The lines below, from the first through the one containing "이 정도 이력이면 단순", are to be given again exactly, with pictures left out and nothing added.

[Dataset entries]

════════

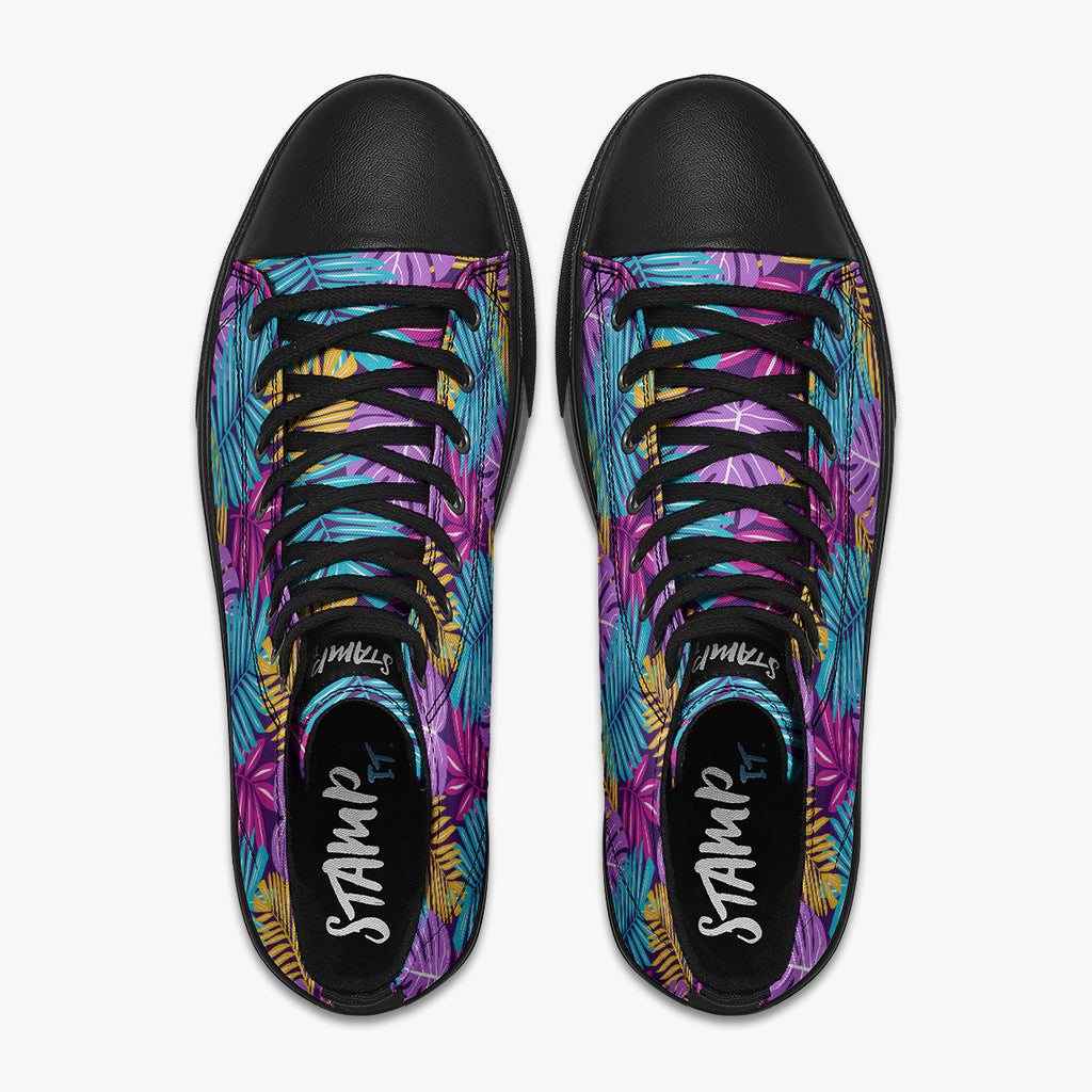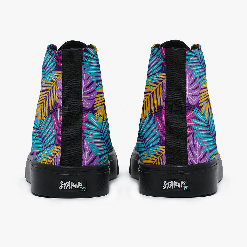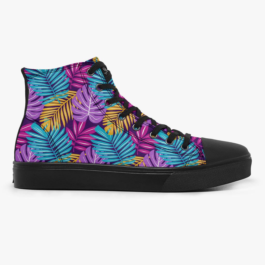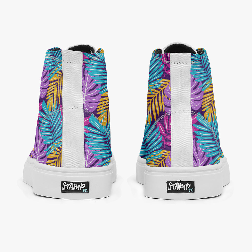 Tênis Cano Alto Roxo Varias Folhas Coloridas Flores e Folhas
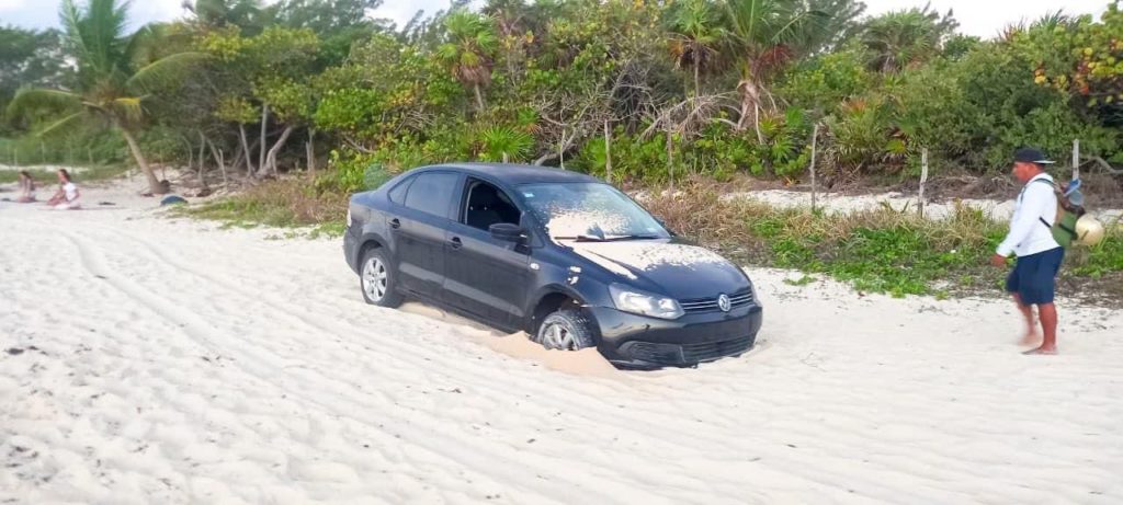 Fue el fin de semana que circuló la imagen de un Volkswagen tipo Jetta, en la zona de playas, por lo que la secretaria de Medio Ambiente y encargada de la Zona Federal Marítimo Terrestre informó que ingresó por el acceso de Playa 88, pero ya no lo pudieron sacar y lo dejaron.
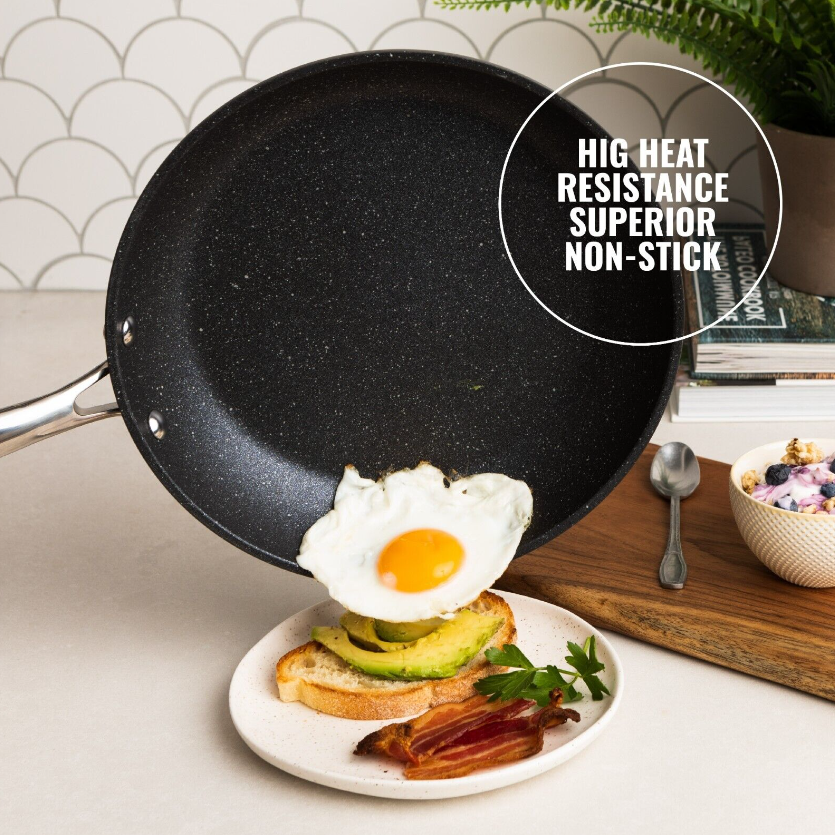 • ULTRA NON-STICK: Granite stone nonstick cooking surface is coated 3x, reinforced with diamonds to deliver the ultimate food release. No oil or butter needed, makes for healthier eating, and provides for hassle free, 1-2-3 cleanup
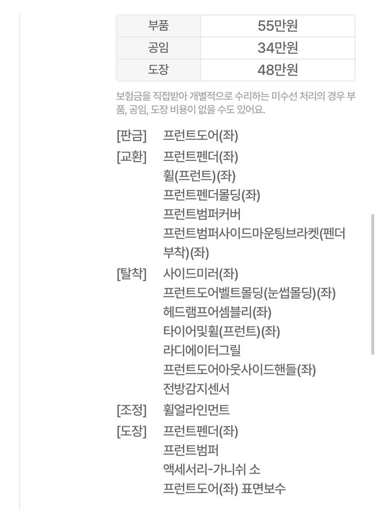 이 정도 이력이면 단순 접촉사고 수준을 넘어선 거라 조심하셔야 합니다. 교환 목록에 프런트 휀더, 휠, 도어뿐만 아니라 라디에이터 그릴과 각종 센서류까지 포함된 걸 보니 앞측면 충격이 꽤 컸던 차예요. 2,300만 원이라는 가격이 시세보다 저렴하더라도 휠얼라인먼트 조정 이력까지 있는 걸 보면 주행 밸런스에 문제가 생겼을 가능성도 배제 못 합니다. 겉만 보고 덥석 가져오시기보다는 성능점검기록부 상에 프레임(뼈대) 손상이 없는지 반드시 확인하시고, 가급적이면 이력 깨끗한 다른 차를 더 알아보시는 걸 권합니다. 이 가격대에 선택지는 많으니까요.
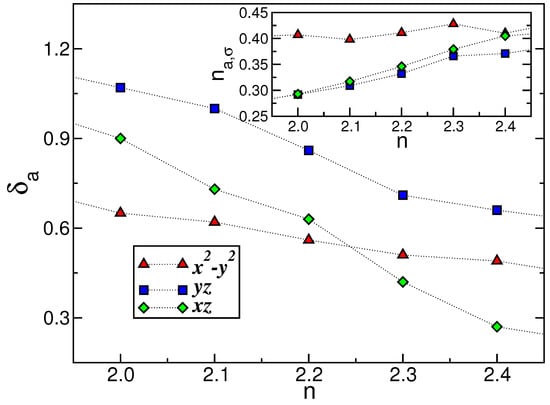 With these caveats, Figure 5 displays the renormalized orbital splitting (; main panel) and the occupation numbers (; inset) predicted using DFT+DMFT for pure and electron-doped . Notice that the orbital polarization is diminished with increasing n, resulting in significant changes in the orbital occupations, as illustrated in the inset of Figure 5. This response to correlated compounds is common; electron band filling is untied to orbital and charge fluctuations in the correlated one-particle electronic state. Moreover, as unveiled in Figure 5, notable modifications in are observed with increasing n. As can be seen, up to , the orbital represents the ground-state (or lowest-energy) orbital, with the orbital occupying this position above total band filling. Here, the gravity center of the orbital is enhanced towards the higher-energy orbital sector. It is noteworthy that the doping-induced twofold () orbital degeneracy observed in the main panel of Figure 5 may have implications for the unconventional superconductivity observed in systems. A review of previous studies on Fe-based superconducting materials indicates that they exhibit orbital degeneracy due to their tetragonal crystal symmetry. Therefore, our theory suggests that Cooper pair formation in doped primarily involves the orbitals. In accordance with our hypothesis, can be conceptualized as a two- electronic fluid, with one taking part in the superconducting state and the other not. Our proposal may be applicable to systems in a bad-metal regime near to twofold orbital degeneracy, wherein part of the normal spectral weight contributes to the superconducting condensate below . In light of these findings, there are promising avenues for two-fluid theories of superconductivity [79] in .

════════

* _PROBLEM SOLUTION_:
 Tênis Cano Alto Roxo Varias Folhas Coloridas Flores e Folhas
 Fue el fin de semana que circuló la imagen de un Volkswagen tipo Jetta, en la zona de playas, por lo que la secretaria de Medio Ambiente y encargada de la Zona Federal Marítimo Terrestre informó que ingresó por el acceso de Playa 88, pero ya no lo pudieron sacar y lo dejaron.
 • ULTRA NON-STICK: Granite stone nonstick cooking surface is coated 3x, reinforced with diamonds to deliver the ultimate food release. No oil or butter needed, makes for healthier eating, and provides for hassle free, 1-2-3 cleanup
 이 정도 이력이면 단순 접촉사고 수준을 넘어선 거라 조심하셔야 합니다. 교환 목록에 프런트 휀더, 휠, 도어뿐만 아니라 라디에이터 그릴과 각종 센서류까지 포함된 걸 보니 앞측면 충격이 꽤 컸던 차예요. 2,300만 원이라는 가격이 시세보다 저렴하더라도 휠얼라인먼트 조정 이력까지 있는 걸 보면 주행 밸런스에 문제가 생겼을 가능성도 배제 못 합니다. 겉만 보고 덥석 가져오시기보다는 성능점검기록부 상에 프레임(뼈대) 손상이 없는지 반드시 확인하시고, 가급적이면 이력 깨끗한 다른 차를 더 알아보시는 걸 권합니다. 이 가격대에 선택지는 많으니까요.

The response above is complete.